Wedding 'mini-monies' offer safer, more affordable option for couples during COVID-19

Smaller wedding ceremonies keeping industry afloat
Wedding "mini-monies" offer couples a safer, more affordable option during COVID-19
Wedding "mini-monies" offer couples a safer, more affordable option during COVID-19
Posted at 12:14 PM, Jun 24, 2020
and last updated 2020-06-24 16:01:11-04

LAS VEGAS (KTNV) — 2020 was supposed to be one of the most popular years ever to get married, but the novel coronavirus has forced countless couples to cancel their big celebration.

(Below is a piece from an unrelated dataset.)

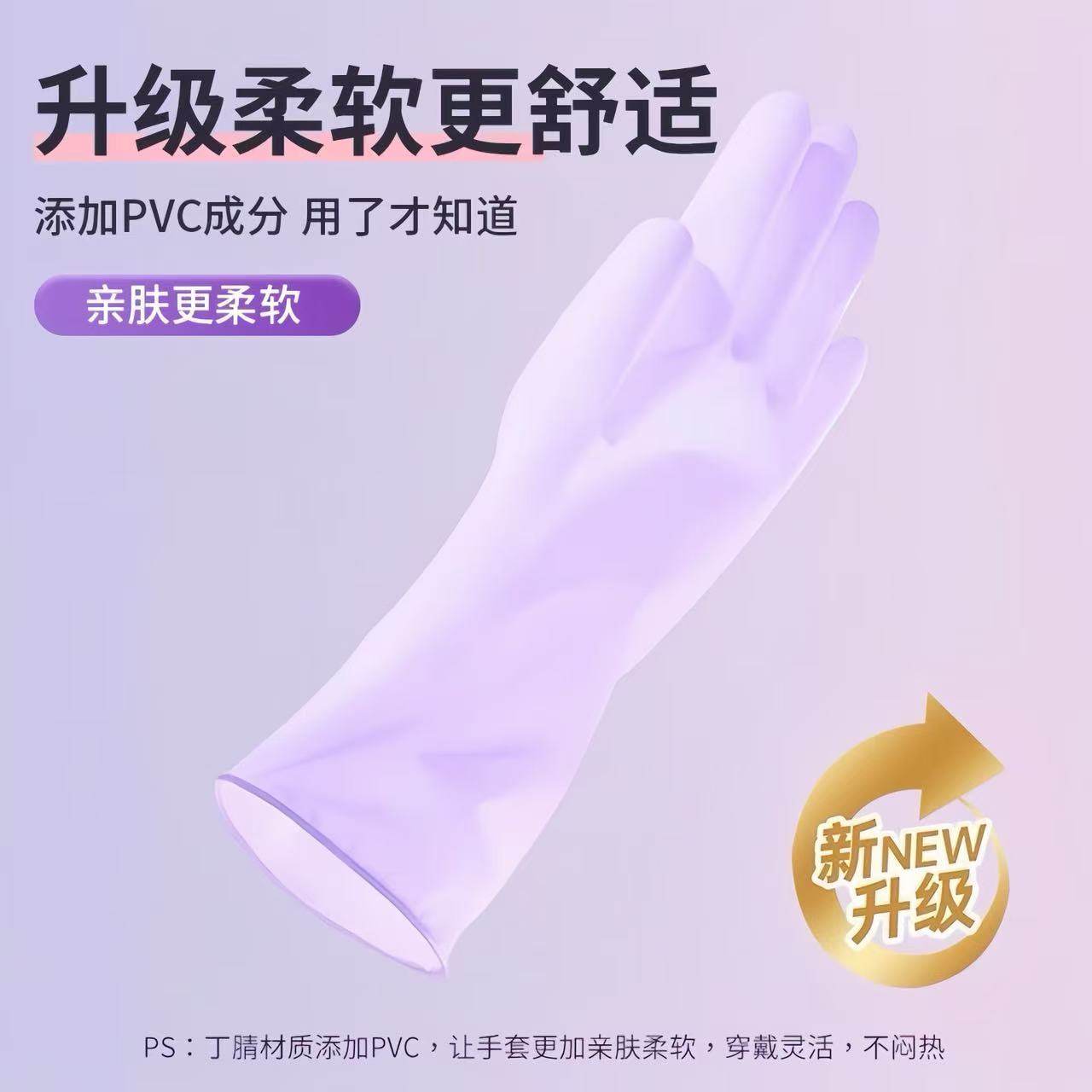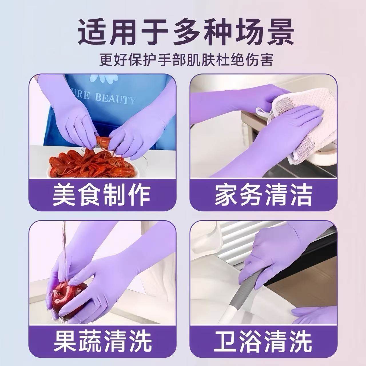 丁腈手套一次性乳胶食品级橡胶家务洗碗厨房加厚耐用加长防护紫色

During the time of social distancing and no mass gatherings, many of those couples are opting to downsize to a smaller ceremony, or as many are calling it, a "mini-mony!"

For the past 30 years, Joni Moss-Graham has been helping couples get married in the wedding capital of the world.

"You’re involved in somebody’s life changing day and being a part of seeing the emotion and change, I miss that. I miss our couples," said Moss-Graham, CEO of LV Wedding Connection, in reference to the lack of business she's seen since the outbreak of COVID-19.

"I have the best job in the world, I swear. I am working with people on their happiest day," said Dianne Schiller, owner of Renta-Dress & Tux in downtown Las Vegas.

Schiller can make any bridal party look beautiful for the big day, with no notice needed!

"We do it and we do it well. We can pull together a full-on wedding in an hour," said Schiller.

Together, Schiller and Moss-Graham have been tag-teaming weddings in the valley for years. But back in March, COVID-19 crushed the wedding industry almost overnight.

"It instantly stopped," said Moss-Graham. "We did have a lot of people who, obviously, canceled. We deal primarily with people from overseas. That was hard. A lot of those people just want to be refunded back, which we were happy to do," added Schiller.

Despite the pandemic, some couples have made it clear that they still want to get married, even if it means having a smaller ceremony.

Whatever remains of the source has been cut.